VectorWare logoVectorWare
Dispatches

Rust threads on the GPU

15 min read
Pedantic mode:Off

GPU code can now use Rust's threads. We share the implementation approach and what this unlocks for GPU programming.

At VectorWare, we are building the first GPU-native software company. Today, we are excited to announce that we can successfully use Rust's std::thread on the GPU. This milestone marks a significant step towards our vision of enabling developers to write complex, high-performance applications that leverage the full power of GPU hardware using familiar Rust abstractions.

Execution models

CPUs and GPUs execute programs in fundamentally different ways. A CPU program begins on a single thread and spawns additional threads as needed. Each thread runs independently and the programmer controls when and how concurrency is introduced.
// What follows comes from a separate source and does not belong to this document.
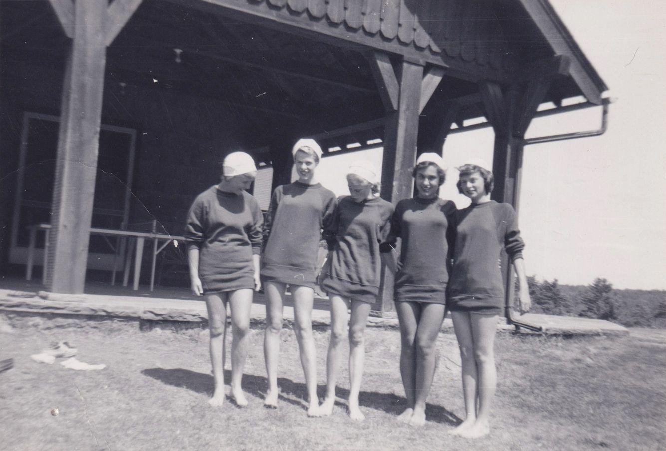 Black-and-White photograph of a group of young women standing outdoors in matching large sweatshirts and swim caps. A large unidentified building at Pyramid Camp (AKA Bartlett Carry Club) can be seen behind them. Handwritten note on reverse reads, "52."

main()main threadthread::spawn()main threadnew threadthread::join()main threadexit()

GPU programs work differently. A GPU program consists of one or more kernels. Each kernel is launched with many instances that run in parallel. Concurrency is not something the programmer introduces explicitly. It is inherent in the way GPU programs are run by the hardware.

launch_by_cpu()kernel()Warp 0kernel()Warp 1kernel()Warp 2kernel()Warp 3kernel()Warp Nexit()

This model works well for uniform workloads like matrix multiplication, image processing, and graphics rendering where every warp does the same thing to different data.

As GPU programs grow more sophisticated, developers use warp specialization to activate different parts of the same program on different warps concurrently.

launch_by_cpu()kernel()a()Warp 0kernel()b()Warp 1kernel()c()Warp 2kernel()d()Warp 3kernel()n()Warp Nexit()

Functions as programs

Most CPU programming models begin with a main function as the program's entry point. Because execution begins with exactly one thread, representing the program as a function makes sense: the function body describes the work performed by that single thread.

fn main() {
    // Single threaded CPU code
}

Surprisingly, most GPU programming models use a function as their entry point as well. The programmer writes the function as if it executes once but the hardware then launches it thousands of times in parallel. GPU kernels are functions that look like normal CPU functions but behave very differently.

// CUDA C kernel
__global__ void scale(float* data) {
    // This code is executed thousands of times in parallel,
    // each with the same function parameters, but different values for the global
    // indexes such as `blockIdx` and `threadIdx`.
    int i = blockIdx.x * blockDim.x + threadIdx.x;
    data[i] *= 2.0f;
}

This mismatch between programming model and execution model is part of the reason why GPU programming is so hard. A function that runs once has very different semantics from one that runs thousands of times in parallel, yet both the compiler and the programmer cannot easily infer this by looking at the code alone. In practice this makes the programmer responsible for manually upholding invariants such as correct indexing into shared data and avoiding races.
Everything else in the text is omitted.